Extracted records
------------
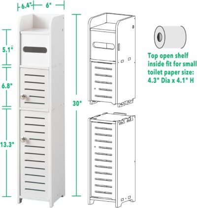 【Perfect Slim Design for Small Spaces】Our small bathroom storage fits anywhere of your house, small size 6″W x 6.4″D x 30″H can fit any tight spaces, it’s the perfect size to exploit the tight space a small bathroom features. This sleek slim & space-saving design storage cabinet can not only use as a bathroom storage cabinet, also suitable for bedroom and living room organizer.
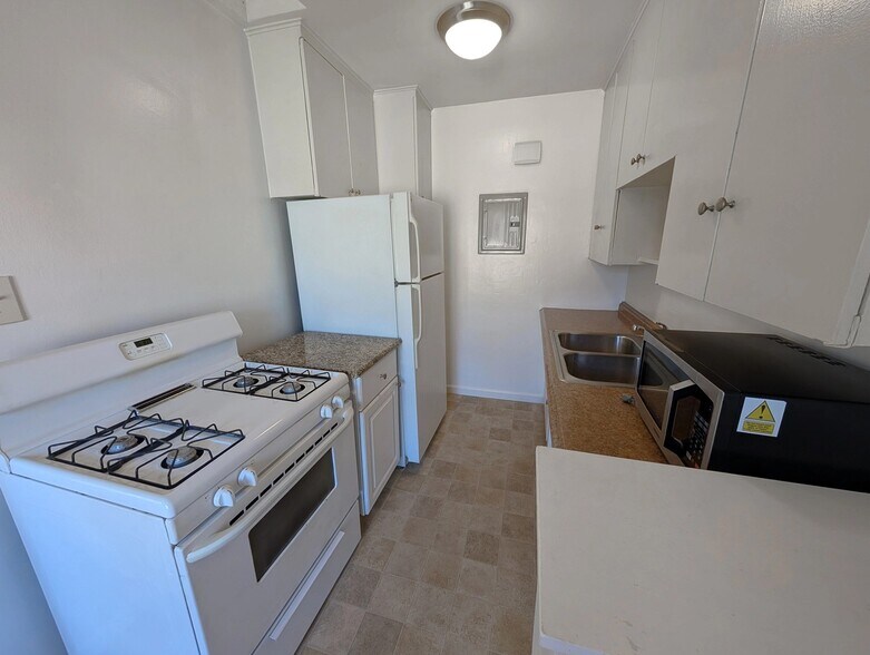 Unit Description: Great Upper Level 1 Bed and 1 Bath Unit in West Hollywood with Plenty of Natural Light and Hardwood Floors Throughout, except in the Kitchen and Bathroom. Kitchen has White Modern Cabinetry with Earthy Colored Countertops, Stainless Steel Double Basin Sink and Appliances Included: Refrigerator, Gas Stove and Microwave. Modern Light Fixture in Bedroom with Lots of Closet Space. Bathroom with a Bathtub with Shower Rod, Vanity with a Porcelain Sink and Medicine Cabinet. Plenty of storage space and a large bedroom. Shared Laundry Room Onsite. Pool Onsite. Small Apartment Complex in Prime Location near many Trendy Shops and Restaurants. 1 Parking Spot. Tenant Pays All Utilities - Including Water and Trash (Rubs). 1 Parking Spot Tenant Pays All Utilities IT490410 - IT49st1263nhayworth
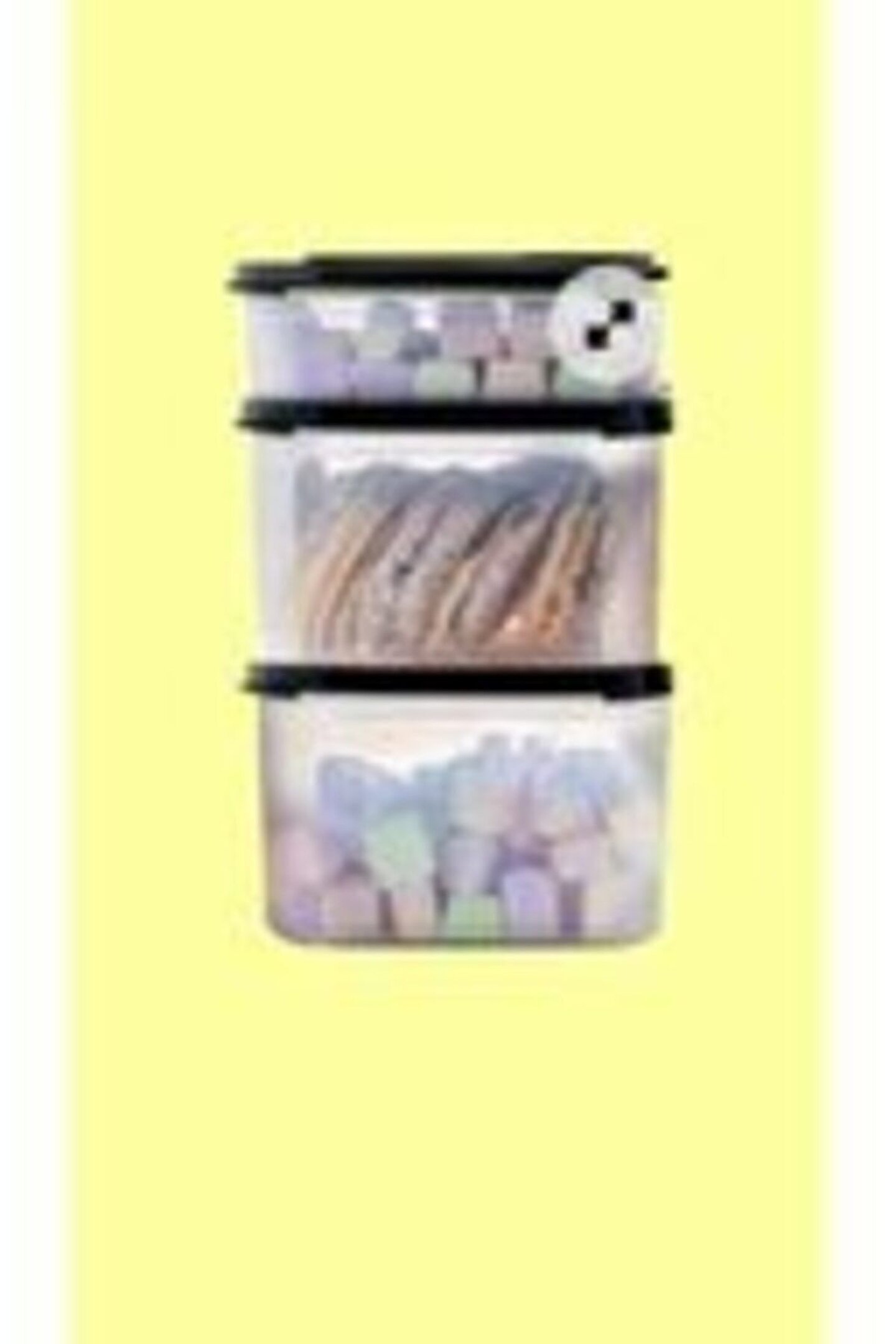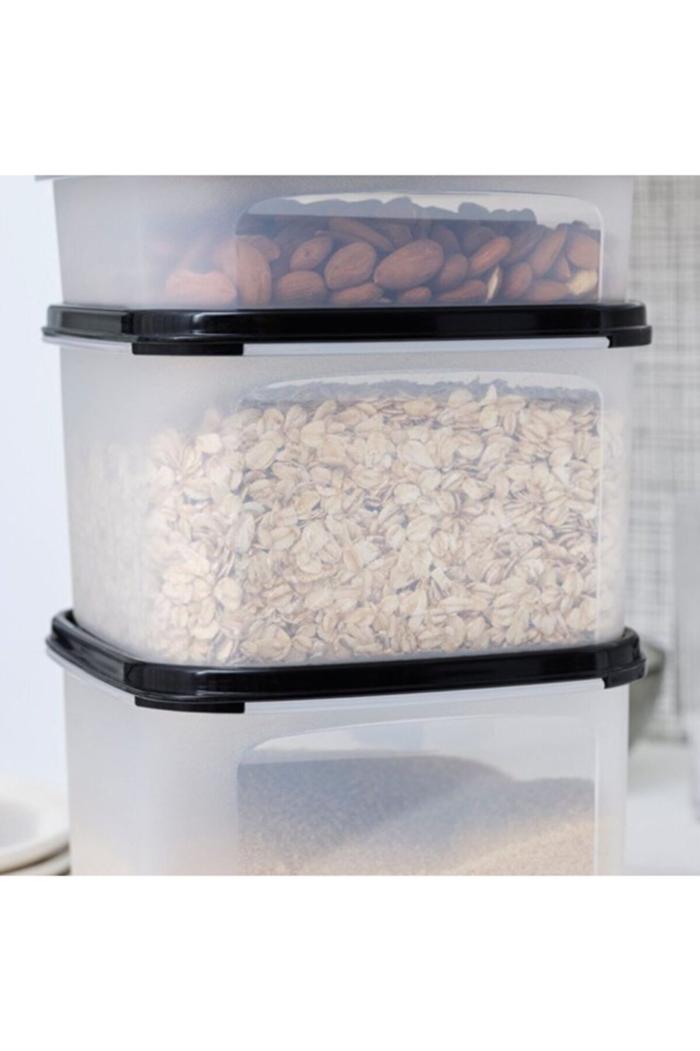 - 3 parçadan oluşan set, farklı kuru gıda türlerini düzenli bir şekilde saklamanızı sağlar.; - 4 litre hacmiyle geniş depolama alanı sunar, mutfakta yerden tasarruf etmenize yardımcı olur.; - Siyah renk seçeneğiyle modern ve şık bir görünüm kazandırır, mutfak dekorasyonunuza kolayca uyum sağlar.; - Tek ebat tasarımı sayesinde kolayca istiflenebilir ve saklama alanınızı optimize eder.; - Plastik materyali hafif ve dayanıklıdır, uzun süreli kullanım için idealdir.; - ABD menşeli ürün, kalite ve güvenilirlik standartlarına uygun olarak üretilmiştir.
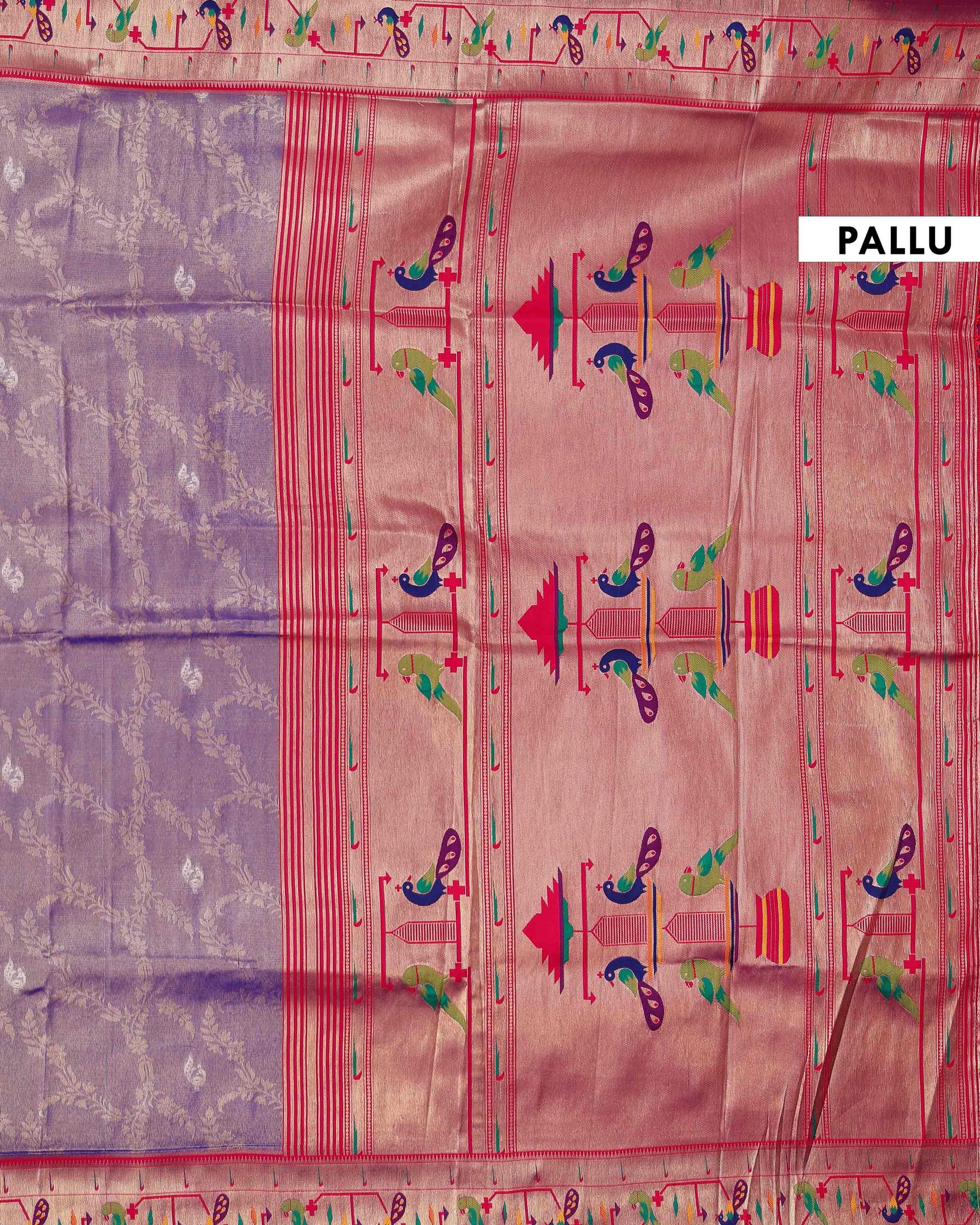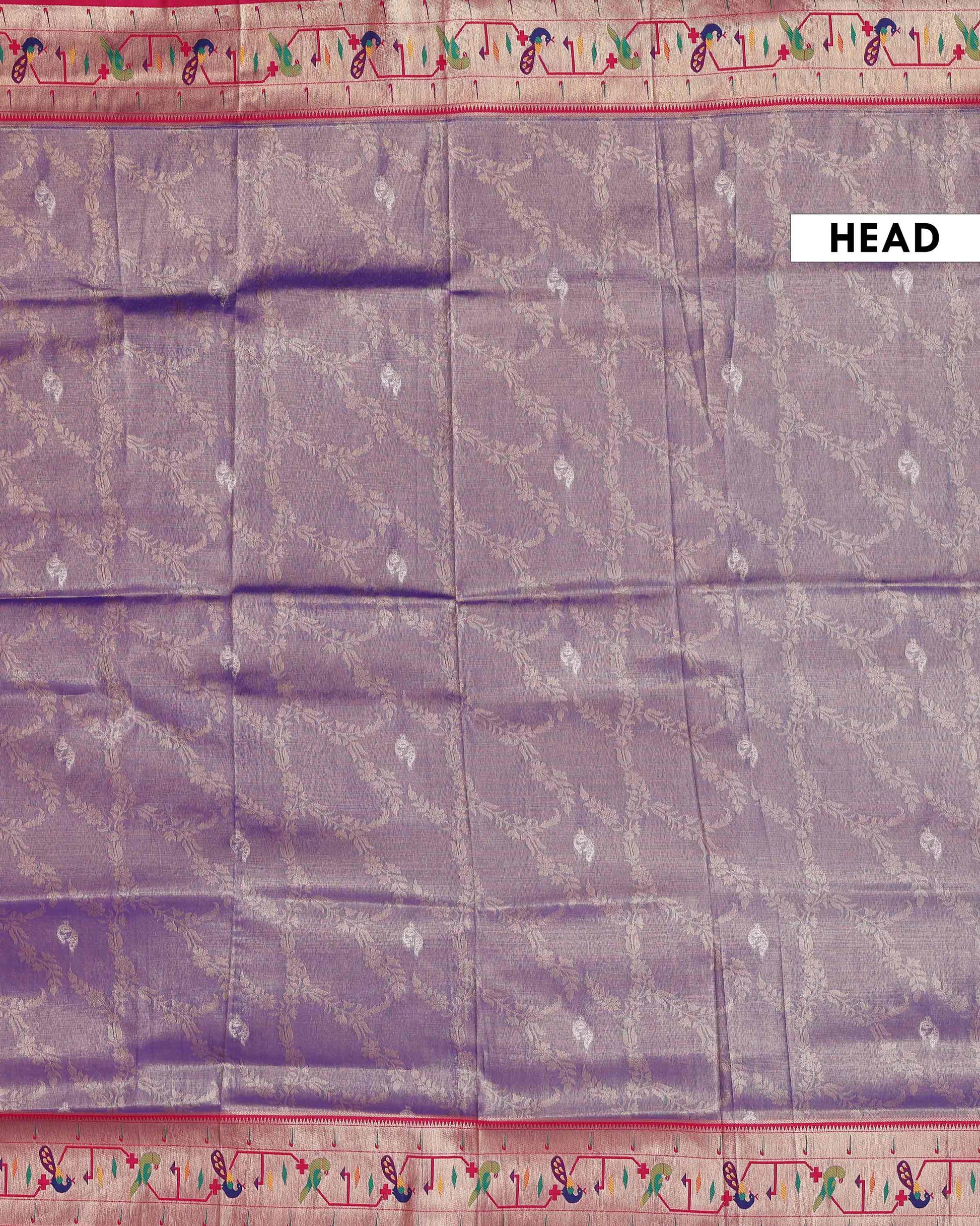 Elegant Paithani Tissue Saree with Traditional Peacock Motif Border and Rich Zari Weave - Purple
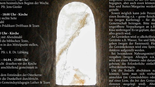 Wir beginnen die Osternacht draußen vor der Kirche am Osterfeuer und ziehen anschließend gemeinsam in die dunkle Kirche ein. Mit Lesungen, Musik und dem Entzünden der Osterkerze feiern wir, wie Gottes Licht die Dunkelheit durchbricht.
------------
### THE TASK
Take the line that contains "Elegant Paithani Tissue" and every line after it down to the last line of the entries above, and output them exactly, with nothing else and no pictures.

### EXERCISE RESULT
 Elegant Paithani Tissue Saree with Traditional Peacock Motif Border and Rich Zari Weave - Purple
 Wir beginnen die Osternacht draußen vor der Kirche am Osterfeuer und ziehen anschließend gemeinsam in die dunkle Kirche ein. Mit Lesungen, Musik und dem Entzünden der Osterkerze feiern wir, wie Gottes Licht die Dunkelheit durchbricht.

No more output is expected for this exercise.